Wednesday, January 17, 2007
HOUSE OF STRANGERS (20th Century Fox 1949) Fox Home Video
Joseph L. Mankiewicz’s House of Strangers (1949) is a compelling, literate and engaging family melodrama, hampered by the infusion of an implausible love story, and Fox Home Video’s more recent attempt to curiously mislabel the movie as a film noir. It stars Edward G. Robinson as Gino Monetti, an Italian patriarch whose overbearing control and slight mistrust of three of his four sons leads to familial discourse and murderous betrayal.
Gino’s eldest son, Joe (Luther Adler) is a bitter man made insecure by his father’s lack of faith in him to handle anything but a teller's status inside the family’s banking business. Son Pietro (Paul Valentine) is a would-be fisticuffs champion whom Gino refers to as ‘dumb head’ and whose backing is stripped away by Gino after he loses a middle weight bout. Tony (Efrem Zimbalist Jr.) is a man lacking conviction in anything and thereby labeled a weakling by his domineering father. Only the youngest son, attorney at law Max (Richard Conte) meets with Gino's approval. The others, desperate for their share of respect and, more to the point, the family’s wealth, turn to Max as their intermediary.
But the story shifts its focus to a burgeoning romance between Max and tough-talking gal about town, Irene Bennett (Susan Hayward). Seems Max, who is already engaged to Maria Domenico (Debra Paget) hates Irene so much he falls in love with her. The two become lovers while Maria’s mama, Helena (Hope Emerson) puts two and two together and decides that her daughter and Max will never marry. Maria eventually weds Tony instead.
Before any of these plot points can be fully developed, Gino is involved in a bank scandal that threatens to put him in prison for life. Max assumes responsibility for the fiasco and goes to prison in his brother's stead for seven long years. In the interim, Gino dies and the brothers assume control of the family business.
When Max gets out he finds that Joe is not content to merely have risen to the top of the familial hierarchy. Instead, Joe instructs Pietro to beat the tar out of Max and then toss him off the second story of the family’s home. But Pietro recoils at the last minute and attempts instead to murder Joe. Max thwarts this from happening.

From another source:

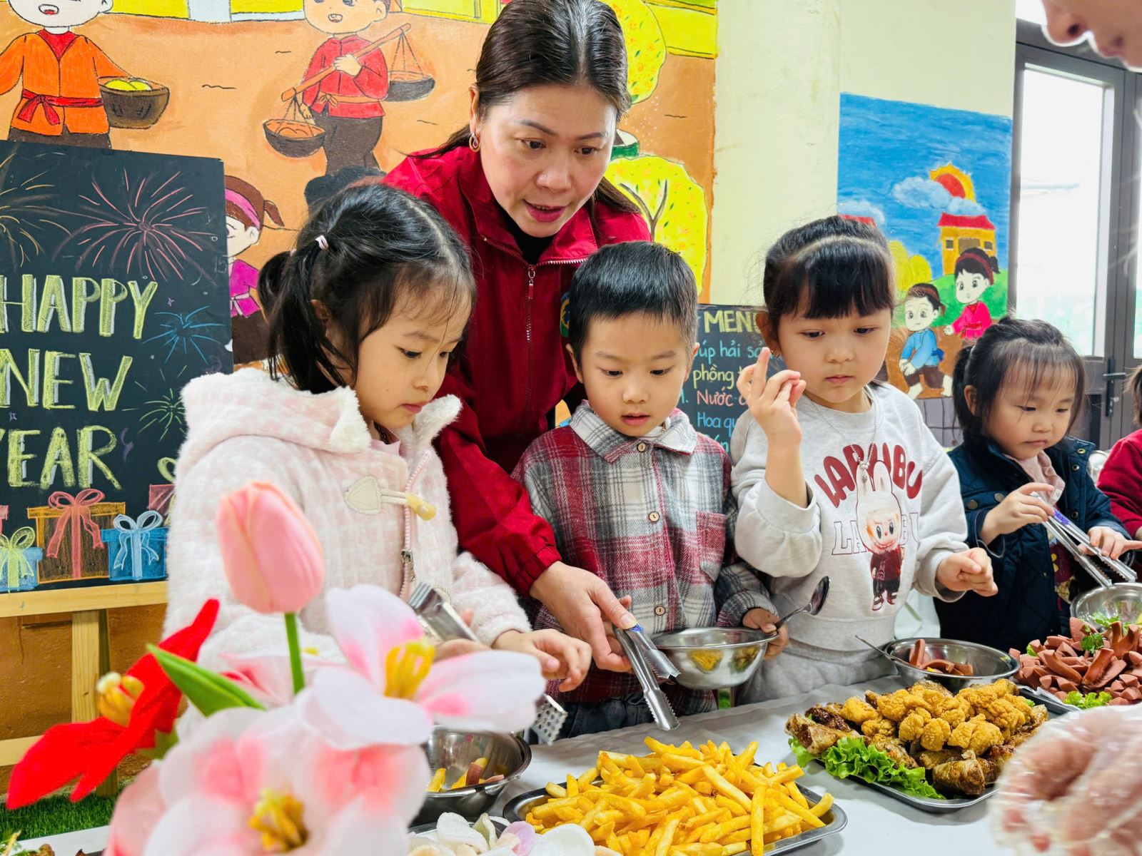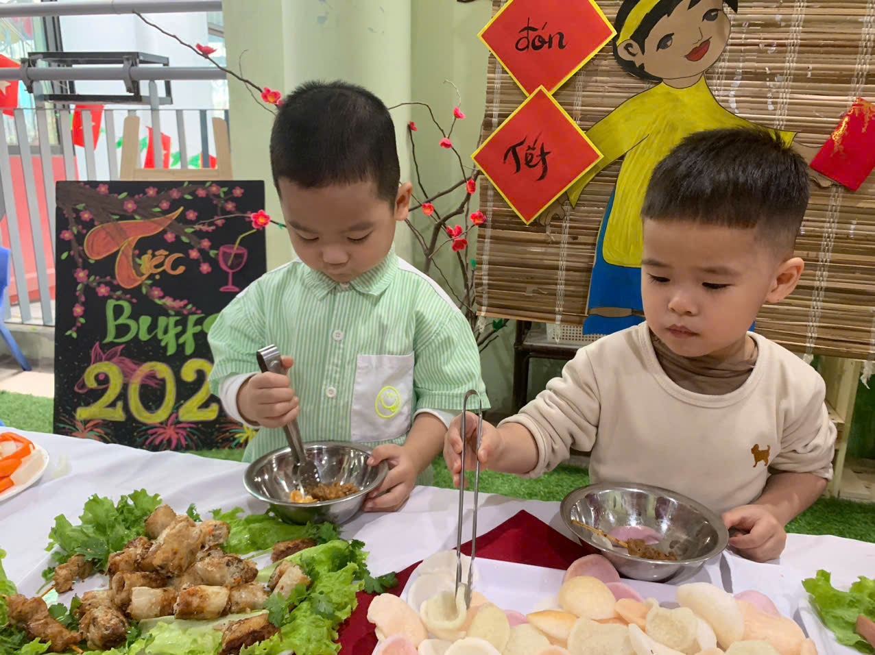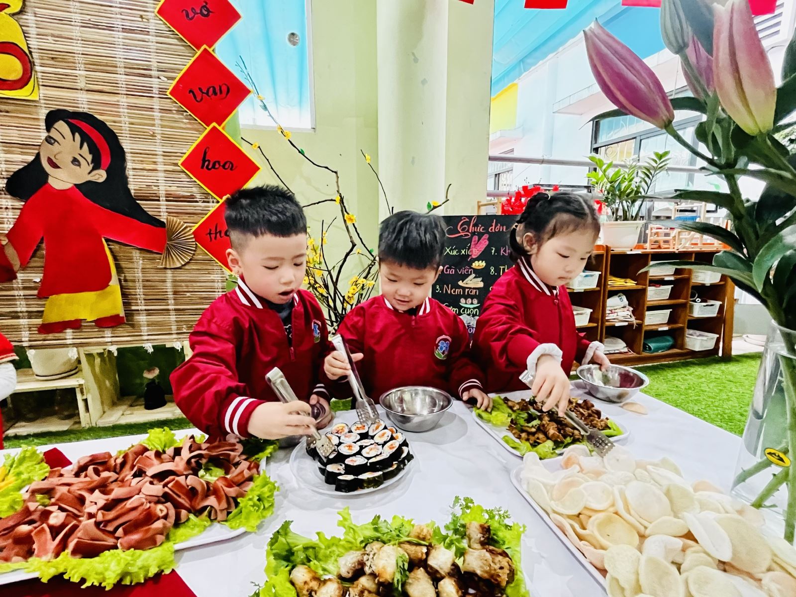 Một số hình ảnh trong buổi tiệc Buffet Chào xuân Bính Ngọ tại trường Mầm non Sao Mai: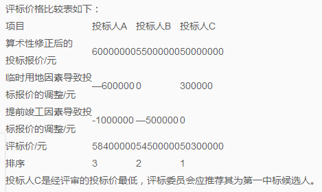 (1)临时用地因素的调整:投标人A:(400-500)*6000=-600000(元);投标人B:(500-500)*6000=0(元);投标人C:(550-500)*6000=300000(元)。

House of Strangers is a family melodrama about the immigrant experience gone bad. It struggles to convey its message: that a strong-willed patriarch can ruin his sons' futures. Yet, quite the opposite is true. Gino is not a Mafia chieftain but a benevolent, if slightly misguided patriarch who has always had his family’s best interests at heart. He is deposed not by his own misgivings or even wrong doings, but by the greed and avarice of his motley brood (except for Max, who never wanes in his affections for his father).
There is also something quite unsettling about the character of Irene who starts off as the story's resident trollop, then inexplicably transforms herself into a loyal and loving companion for Max after he gets out of prison. Overall, House of Strangers is not a great film – but it is definitely worth a second glance on DVD.
Regrettably, the B&W image is softly focused and suffers from a generally thick characteristic. Blacks are dull and muted gray. Whites are generally not very clean or bright. There’s a considerable amount of dirt, scratches and some very obtrusive film grain present, as well as minor edge enhancement and shimmering of fine details. Overall, not a very competent effort. The audio has been re-channeled to stereo; a wasted effort. Extras include an informative audio commentary, stills gallery and theatrical trailer.